- WORK INSTRUCTION -
Once the pictures are set aside, transcribe the remaining data exactly.

- DATA BELOW -
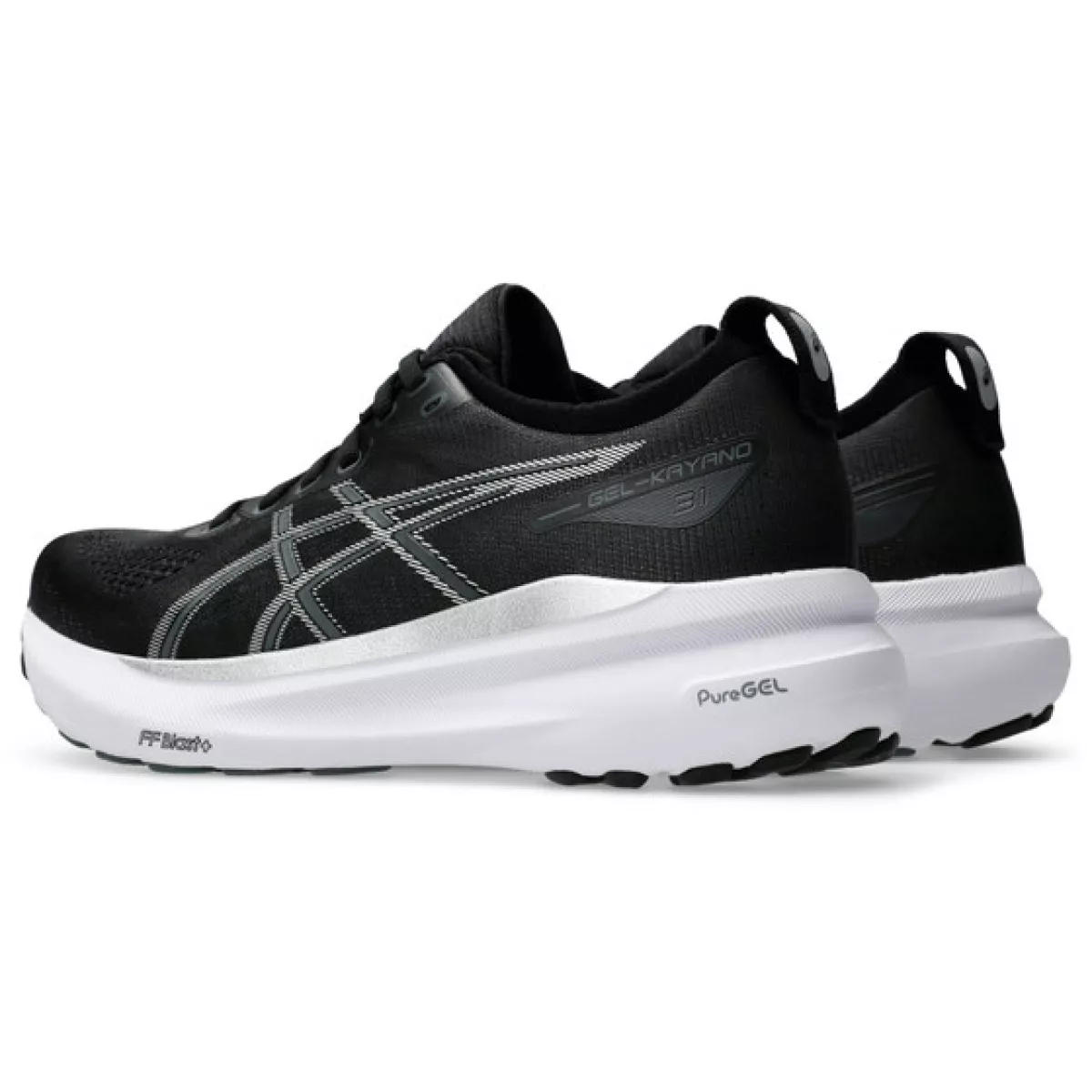 ASICS GEL-KAYANO™ 31 Black/White dames, de meest comfortabele geavanceerde stabiliteitsschoen voor overpronerende lopers. Het 4D GUIDANCE systeem past de stabiliteit aan bij elke stap, oftewel on-demand stability. Vernieuwde buitenzool met HYBRID ASICSGRIP zorgt voor grip en zachtheid.
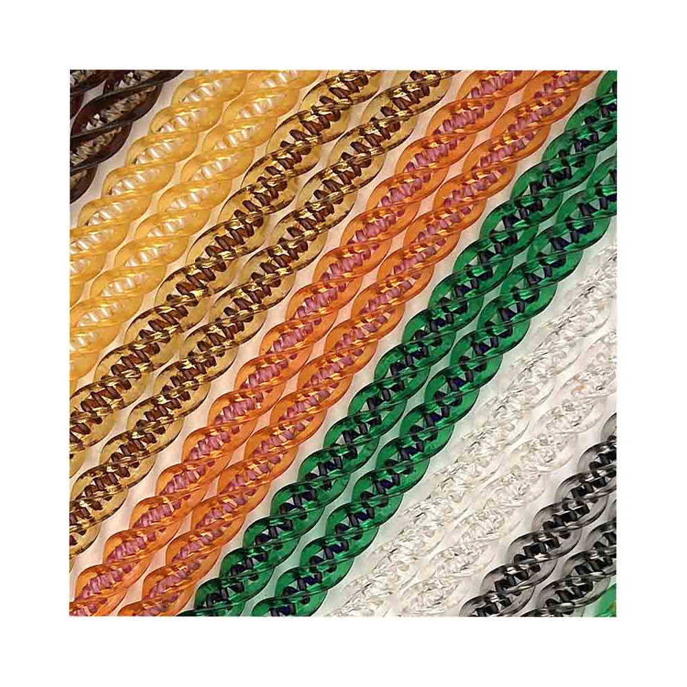Textura: Tiras helicoidales de colores opacos, transparentados y cristal que
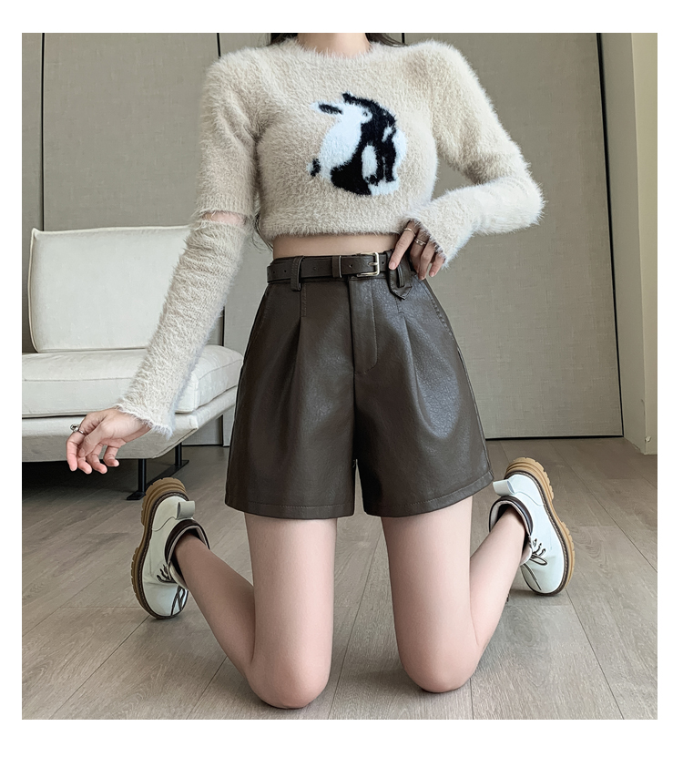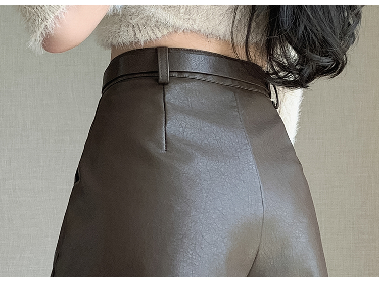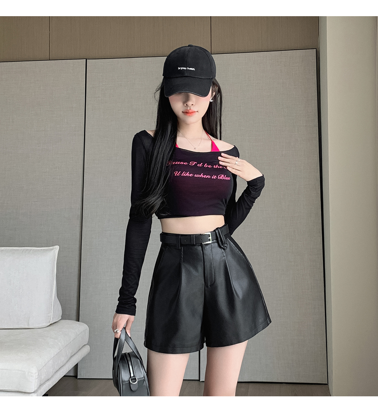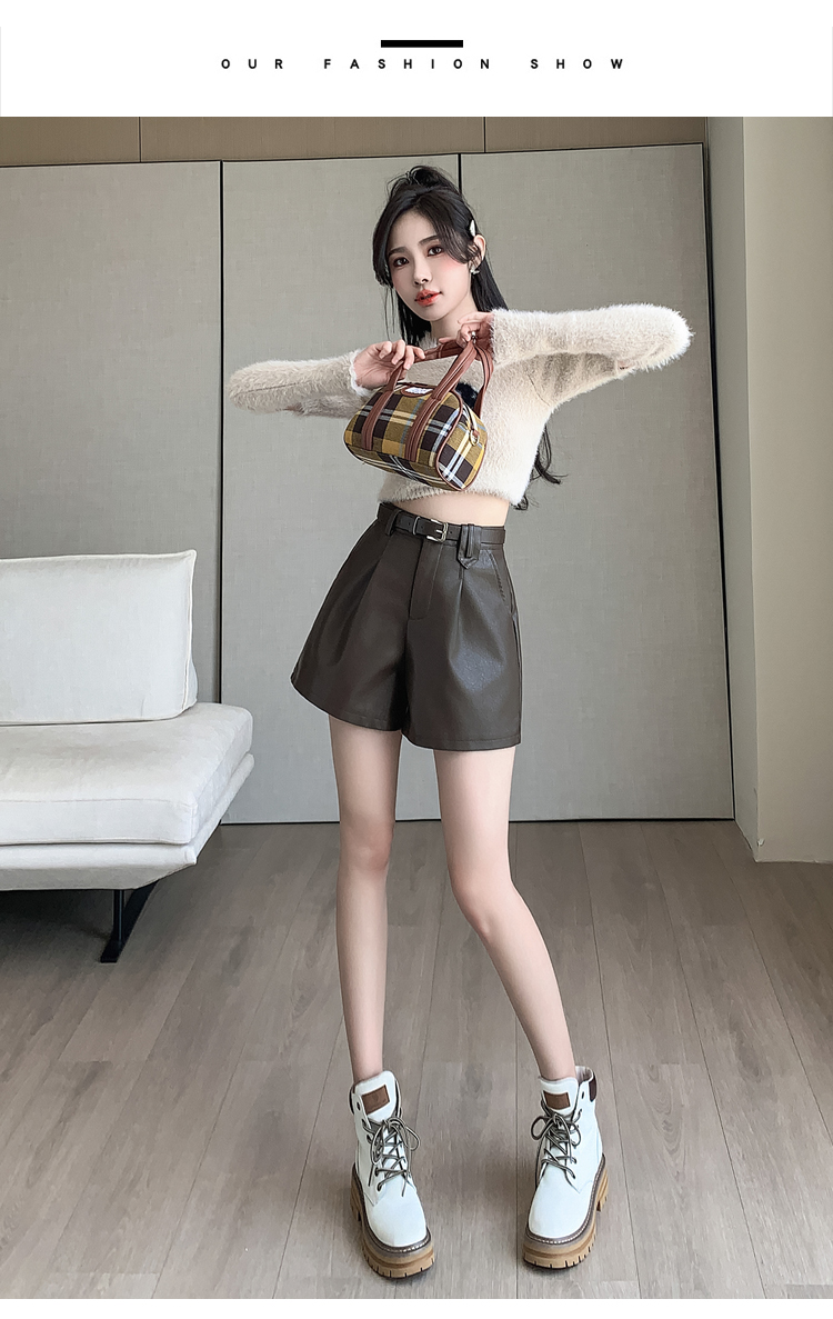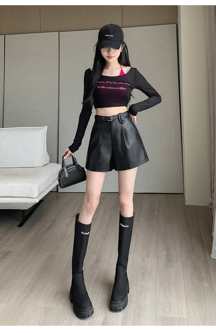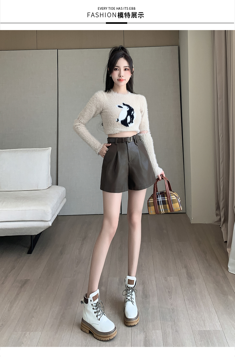 RM32806#高腰PU皮短裤女 新款休闲短款设计感高腰显瘦阔腿打底靴裤

- SOLUTION TO THIS TASK -
 ASICS GEL-KAYANO™ 31 Black/White dames, de meest comfortabele geavanceerde stabiliteitsschoen voor overpronerende lopers. Het 4D GUIDANCE systeem past de stabiliteit aan bij elke stap, oftewel on-demand stability. Vernieuwde buitenzool met HYBRID ASICSGRIP zorgt voor grip en zachtheid.
Textura: Tiras helicoidales de colores opacos, transparentados y cristal que
 RM32806#高腰PU皮短裤女 新款休闲短款设计感高腰显瘦阔腿打底靴裤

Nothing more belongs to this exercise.